Ready for her final Still shots before test flying hopefully vary soon.
[POW]Eagle159
21st February 2012, 11:54 PM
dang, THAT IS NICE! :wink:
Micromeister
27th February 2012, 05:27 PM
Thanks for the Kudo's
Here are the stat's Pics for this fun fly'in little 2 motor micro PMC. Hope to get her in the air shorty....Totally Winded out last weekend with 20 -45mph gusts.
Micromeister
24th April 2012, 01:42 PM
Saturday's launch afforded a change to put the Micro F-15 Eagle on the pad.
Careful preperation was observed even went so far as to use some left over 10.5mm motor pyrogen tipped igniters instead of my own MMX Q2 igniters dipped in my pyrogen....in hindsight I should have gone with my own dipped igniters.
Anyway! got her on the pad, hooked up count down and only one motor lit...DEEEEEEEEEEE Rats!
Two concerns arose...
A. at 18.1grams LOWT... one MMX-II didn't even MOVE the F-15 a little.
B. At ejection the model nose did not eject.
I may have the nose taped a bit too tightly but even so we may have an ejection problem? Guess I'm gonna need to do a ground test of this ejection system with a single motor.
have some photos i'll uplaod a little later.

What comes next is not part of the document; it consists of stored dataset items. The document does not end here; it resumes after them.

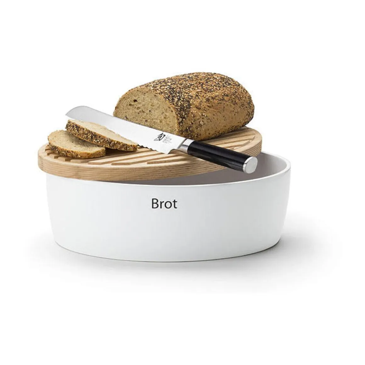 Der praktische Brottopf von aus weißer Keramik passt mit seinem hellen Holzdeckel in jede Küche. Das Brot bleibt darin lange frisch, dafür sorgen die seitlichen Belüftungslöcher. Die Rückseite des Deckels ist nicht nur zum Verschließen des Topfes gedacht, es hat eine zweite Funktion und dient als Brotschneidebrett.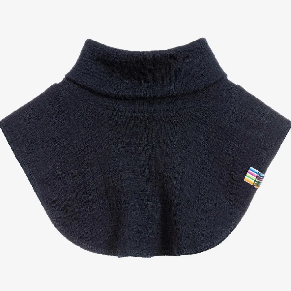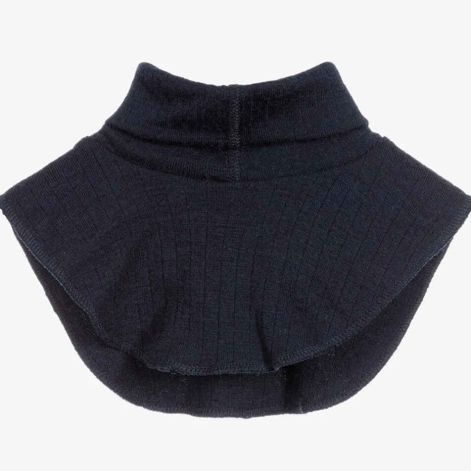 A navy blue thermal neck warmer for girls and boys by Joha. Made in lightly ribbed, super soft Merino wool.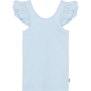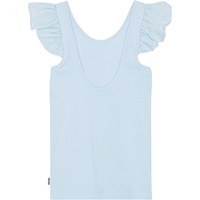 Pastellblaues Tanktop aus weicher Öko-Baumwolle. Das Oberteil hat eine körpernahe Passform und Popeline-Rüschen an den Schultern.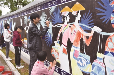 日前,在建德市大同民族小学的校园里,美术教师潘胤龙组织学生将畲族人民传统的生活、生产等场景,通过绘画形式,栩栩如生地呈现在墙面上,让更多的学生直观地了解畲族文化的韵味,同时也增添了校园民族文化建设的浓厚氛围。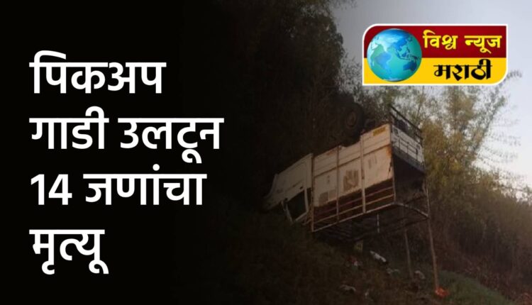 देशात गेल्या काही महिन्यापासून अपघाताची मालिका सुरु असतांना आज पहाटे मध्य प्रदेशच्या दिंडोरी येथे पिकअप गाडी उलटून 14 जणांचा मृत्यू झाला. तर 20 जण जखमी झाले आहेत. सर्व जखमींना सामुदायिक आरोग्य केंद्र शाहपुरा येथे दाखल करण्यात आले आहे. गाडीत सुमारे 45 जण होते. बिचिया पोलीस ठाण्याच्या हद्दीत गुरुवारी पहाटे 3 ते 4 च्या दरम्यान हा अपघात झाला. मृतांमध्ये 6 पुरुष आणि 8 महिलांचा समावेश आहे. सर्वांचे वय 16 ते 60 वर्षे दरम्यान आहे.
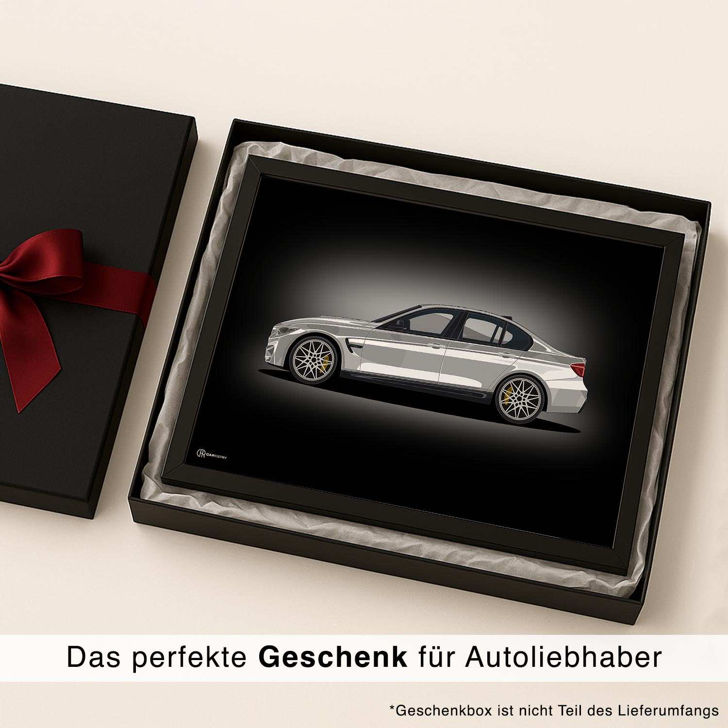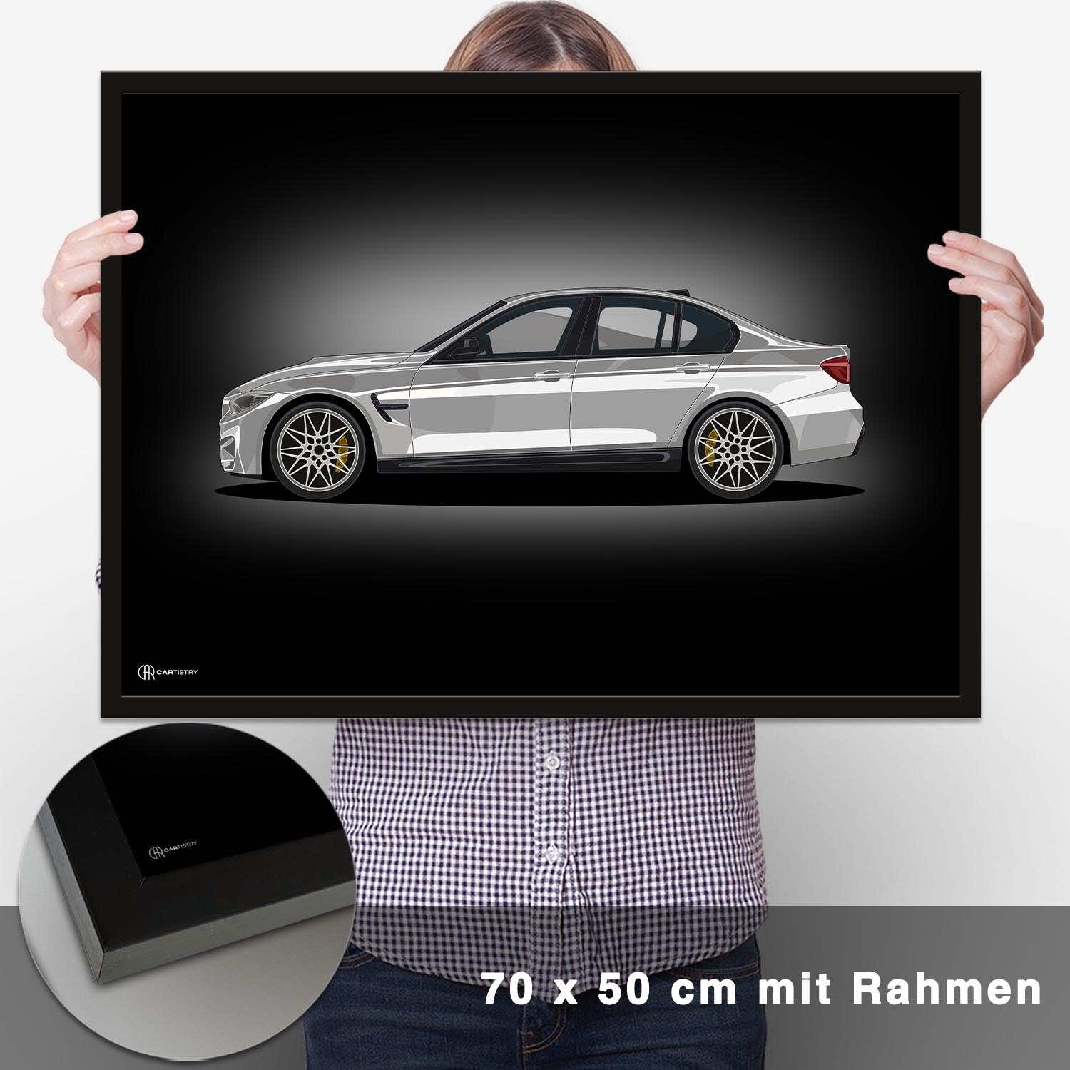 CARTISTRY Premium Poster in verschiedenen Größen (70x50cm und 40x30cm). Hergestellt in Deutschland auf hochwertigem 250g Premium-Papier. Dieses Poster zeigt ein Artwork von einem BMW M3 F80 in der Seitenansicht ...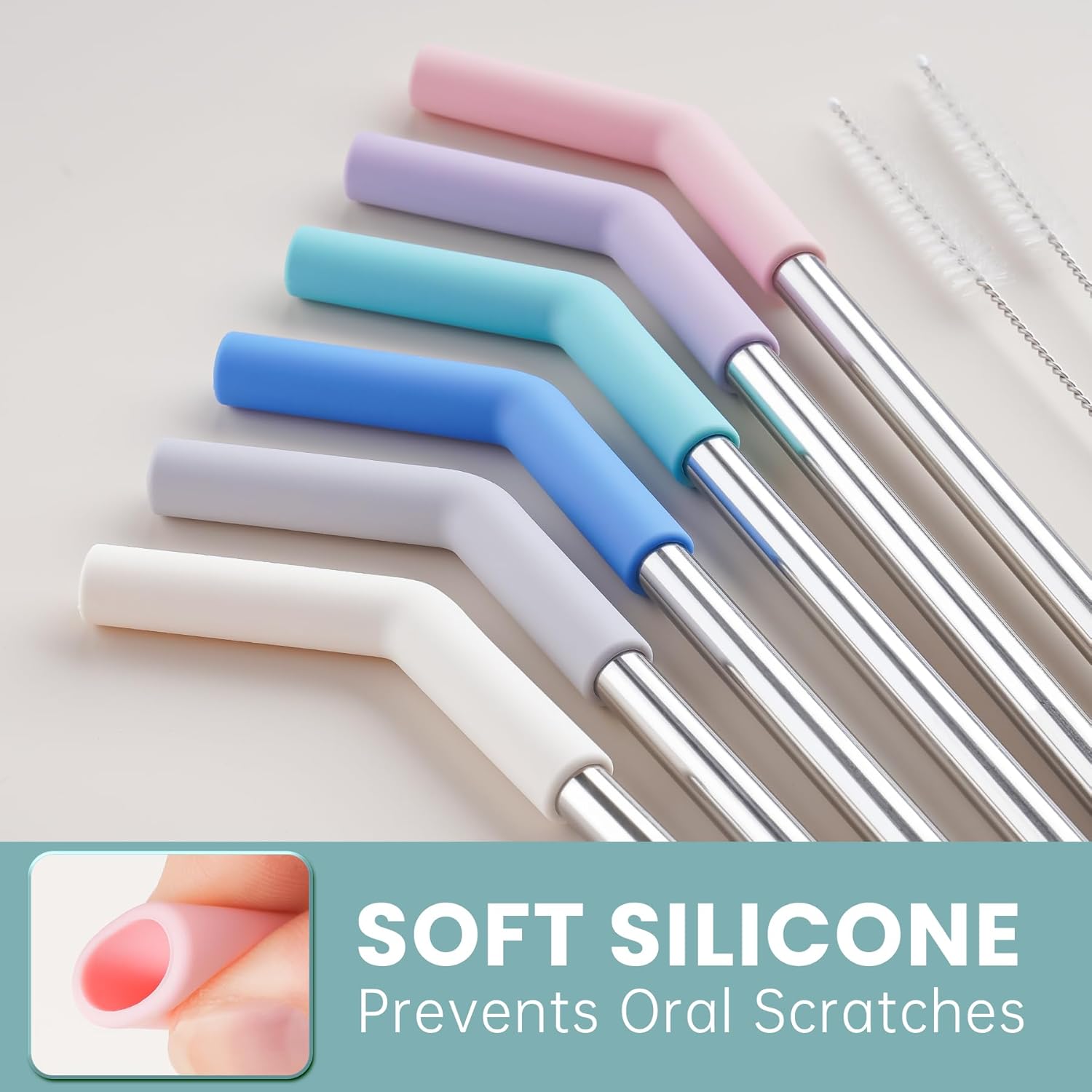 - Functional and Practical: The soft silicone tips prevent direct contact between your lips and the cold stainless steel, enhancing your drinking experience by offering a comfortable sipping surface. Ideal for a variety of drinks such as coffee, cocktails, juices, and water, these straws are perfect for home use, parties, and picnics.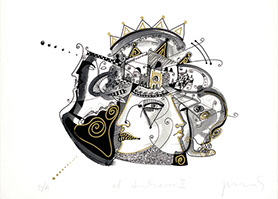 SARAMAGO HOMENAJE Las cosas II Serigrafía, tinta china negra,dorada y/o plateada sobre papel 70 x 50 cm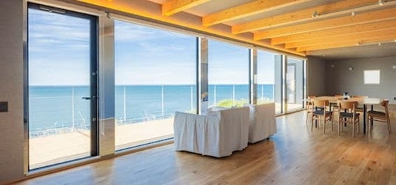「the望来」は望来にある別荘集積地から少し離れた海抜30メートル超の急峻な崖の淵に建つ4棟の貸別荘。全て左右180度の視界が開けた、海を望む大きな窓を持つ、1棟貸しの別荘である。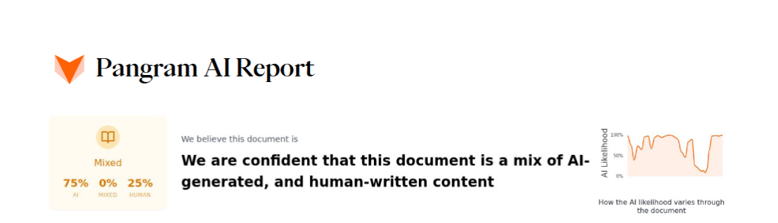 Що се отнася до Pangram, той е определил, че статията е резултат от работата на ИИ в 75%. Както виждаме, разликата между получените резултати е колосална.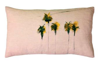 Custom upholstered headboard using the same fabric as our bench at the foot of the bed provides a great backstop for the bed. Headboard fills the tall ceiling with some texture & nice layering which eliminates the need for artwork.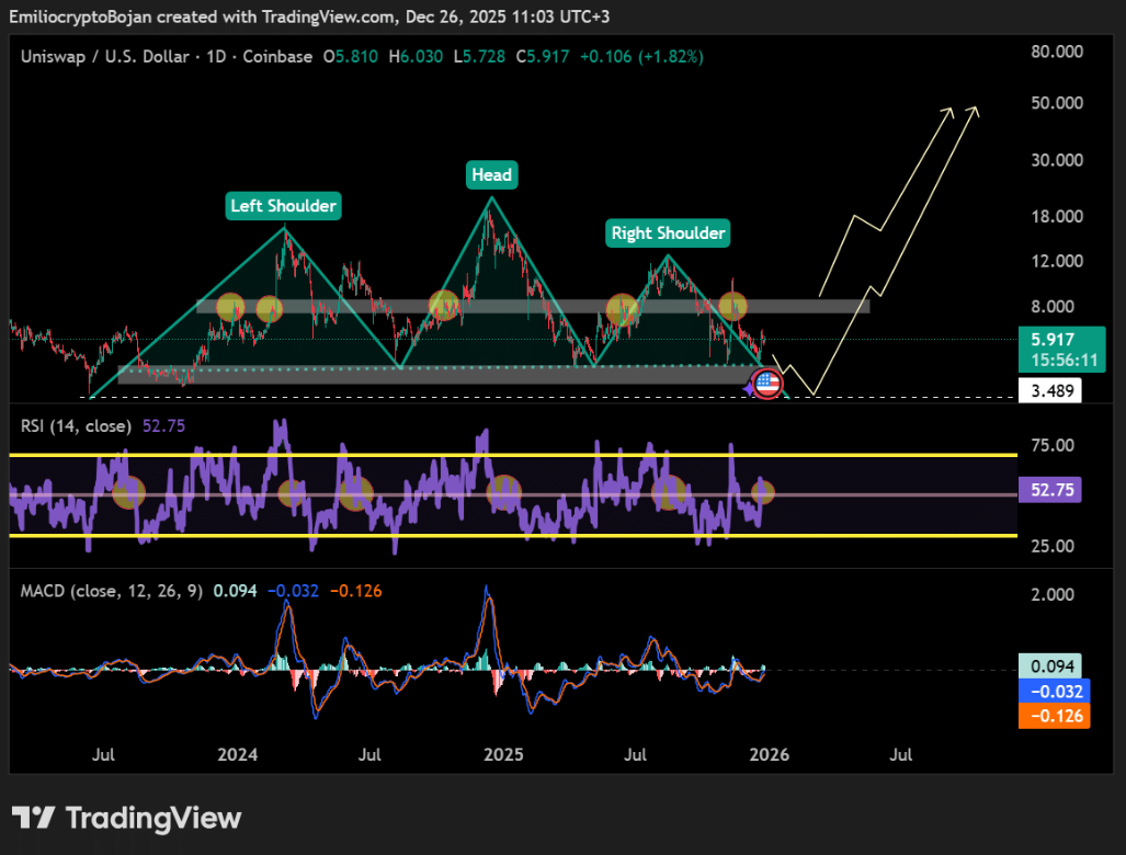 Kể từ đáy hình thành vào tháng 6/2023, UNI đã mất gần hai năm để hoàn thiện mô hình vai đầu vai nghịch — một cấu trúc kỹ thuật thường báo hiệu sự đảo chiều xu hướng trong trung hạn. Trong quá khứ, mỗi lần giá bứt phá thành công lên trên vùng 8,4 USD đều kích hoạt các nhịp tăng đáng kể. Tuy nhiên, những nỗ lực vượt cản gần đây liên tục thất bại, cho thấy lực mua đang suy giảm rõ rệt.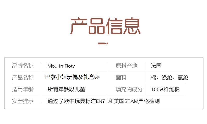 【预售】法国进口moulinroty茉兰若缇巴黎淑女洋娃娃礼盒情人节生日礼物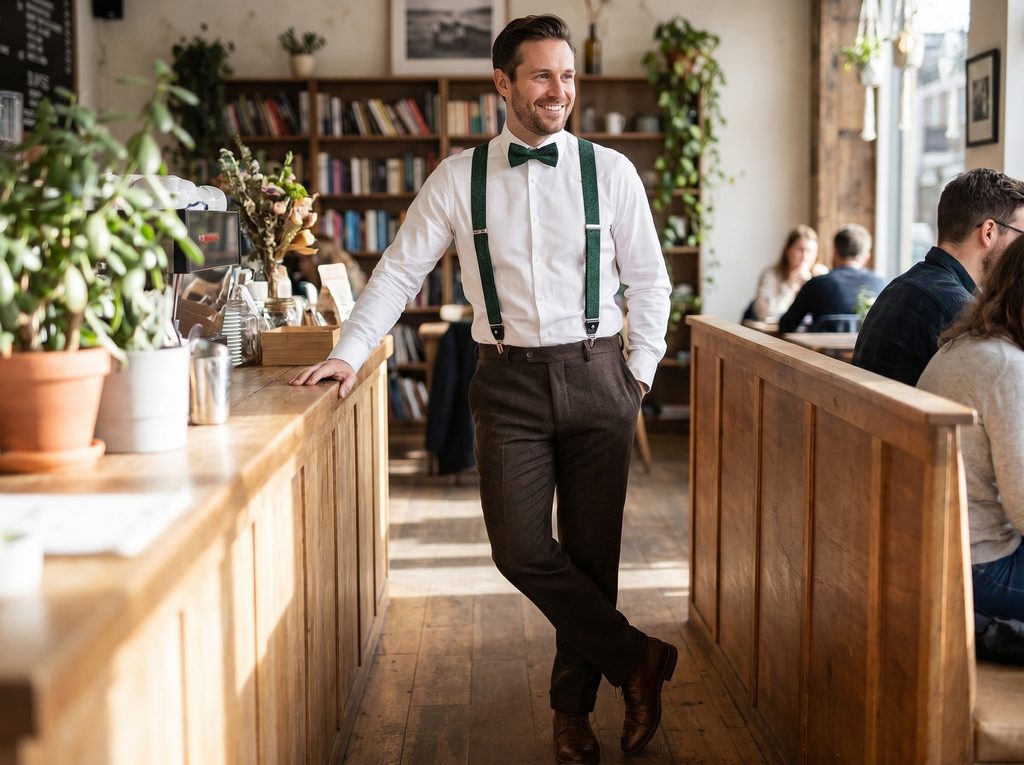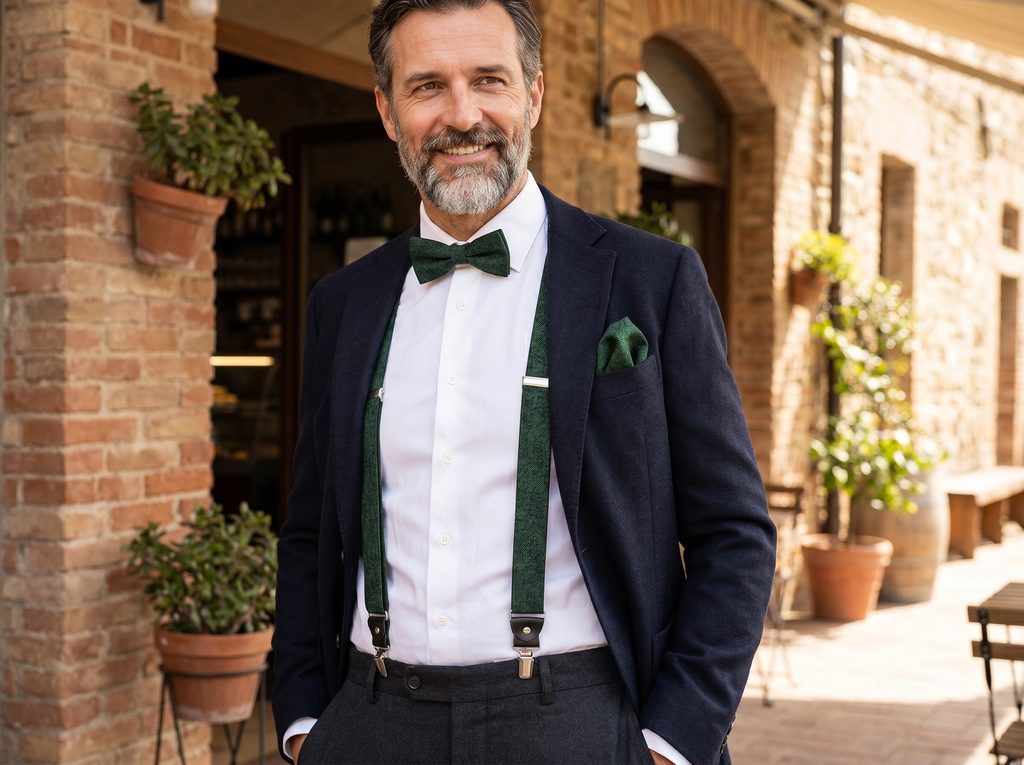 A zöld nadrágtartó akkor érvényesül a legjobban, ha egyszerű, világos inggel párosítja, amely kiemeli a színét. A díszzsebkendőt viselheti letisztult, egyenes hajtással vagy lazább formában. Esküvőn jól mutat sötétebb nadrággal és bőrből készült kiegészítőkkel, amelyek egységessé teszik az összképet.

Ps. this also bring some REAL concerns for our almost complete F-14 Tomcat which just weighed in at 22.3g less motors... our F-15 Eagle w/o motors is 17g. ugh!
hammer
25th April 2012, 01:23 PM
Looks nice.
Micromeister
25th April 2012, 05:10 PM
Looks nice.
Thanks Hammer:
Hope it fly's OK with two motors on the next flight:) I'm back to using my own dipped Q2 micro igniters.
hornet driver
26th April 2012, 04:46 AM
Sweet! Very nice indeed
Micromeister
26th April 2012, 03:30 PM
Sweet! Very nice indeed
Thanks HD!
Did you get a look at the F-14? She's all but done as well.. Just REALLY Heavy!
hornet driver
27th April 2012, 04:01 AM
YEP!! BEE-YOU--TEEE--FULL. I tried the other spelling with just the letters and just could'nt do it----being a Tomcat and all---By the way---AIM -54---OUTSTANDING!